Но наиболее существенным достижением, по убеждению Джонатана, явилось изобретение принципа винтовой оси, запатентованное в 1836 году англичанином и шведом Первые суда, построенные в соответствии с этим проектом, были невелики, но благодаря устройству двигателя обладали отличными ходовыми качествами при скромной себестоимости; Джонатан не ошибся, посчитав, что именно это изобретение более чем все остальные, приблизило человечество к широкому применению паровой машины.
– Сколько, но твоим подсчетам, у нас есть времени? – спросил Хомер. – Когда мы должны начать производство кораблей с паровым двигателем?
Джонатан пожал плечами.
– Сейчас ведется столько новых разработок, – сказал он. – Я даже не знаю, что ответить. Я бы решился предположить, что у нас есть в запасе где-то пять лет, а если больше, то наверняка ненамного. Потом мы уже будем лишними в этой гонке.
Возбуждение, которое они испытали этим утром, не оставляло их целый день, и вечером они еще продолжали обсуждать пароходы за обеденным столом в доме Рейкхеллов. Джеримайя, не посвященный в утреннюю дискуссию, с интересом вступил в разговор, и перспектива кораблей, движимых силой пара, становилась все более отчетливой.
Элизабет сразу обратила внимание на то, что женщины попросту смирились с фактом такой застольной беседы. Они находили ее скучной, даже невыносимой, но добросовестно терпели ее. Это был неизбежный удел женщин в семье Рейкхеллов – в семье, где на первом месте всегда были корабли.
Теперь Элизабет хорошо понимала, через что пришлось пройти ее матери и мисси Саре и чем объяснялись постоянные в прошлом конфликты между Чарльзом и Руфью. Ей вдруг стало ясно, что выйти замуж за Рейкхелла – это не просто получить удовлетворение своих романтических чаяний. Жена Рейкхелла всегда сознавала, что ее удел – быть вечно второй после того корабля, который проектировал, строил или на котором плавал ее супруг. И Элизабет поняла, что, если когда-нибудь ей суждено стать женой Джонатана, она редко будет видеть своего мужа среди дня, а часто дела заставят его задерживаться на верфи глубоко за полночь.
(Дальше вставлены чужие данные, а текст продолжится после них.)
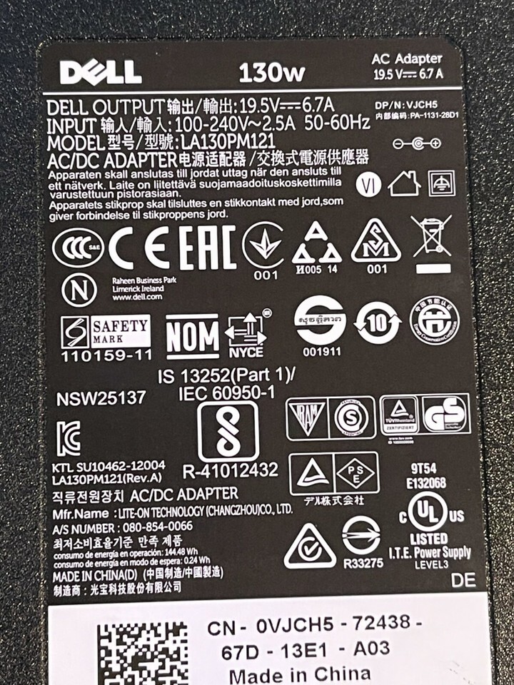 Oem Dell Ac Adapter 130W Model LA130PM121 and 49 similar items

У нее, несомненно, будут отменные позиции в обществе, ей никогда не придется задумываться о деньгах, но всем этим она уже давно пресытилась.
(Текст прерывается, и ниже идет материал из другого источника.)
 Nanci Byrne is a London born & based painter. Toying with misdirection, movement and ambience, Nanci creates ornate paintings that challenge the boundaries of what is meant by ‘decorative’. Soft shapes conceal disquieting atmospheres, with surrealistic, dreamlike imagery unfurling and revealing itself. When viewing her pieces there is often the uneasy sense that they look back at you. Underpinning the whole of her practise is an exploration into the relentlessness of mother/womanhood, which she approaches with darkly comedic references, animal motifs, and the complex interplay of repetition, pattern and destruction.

И однако Элизабет не считала эти ограничения невыносимыми. Для нее это были те трудности, которые требуют от человека готовности им противостоять. Она в качестве жены – даже не в качестве дочери – имела твердые намерения стать настоящим компаньоном в постоянно растущем семейном деле. Она, как и Чарльз, как и Джонатан, была захвачена идеей увидеть воплощение своих самых смелых проектов на море.
Она отдавала себе отчет в том, что то ощущение близости с Джонатаном, которое едва наметилось на пикнике, сейчас пропало бесследно. Он с головой ушел в пароходные проекты, и они безраздельно властвовали сейчас над всем его существом. Она не без удовлетворения отметила, что верно разобралась в ситуации: другие женщины чувствовали себя нисколько не лучше ее. Когда мужчины загорались идеей корабля будущего, их жены переставали существовать.
Поэтому Элизабет занялась Джулианом и Джейд, а вместе с ними – и Дэвидом, ибо эти трое были неразлучны.
Она выяснила, что Джейд с нетерпением ожидает своего дня рождения, и решила напомнить об этом мисси Саре.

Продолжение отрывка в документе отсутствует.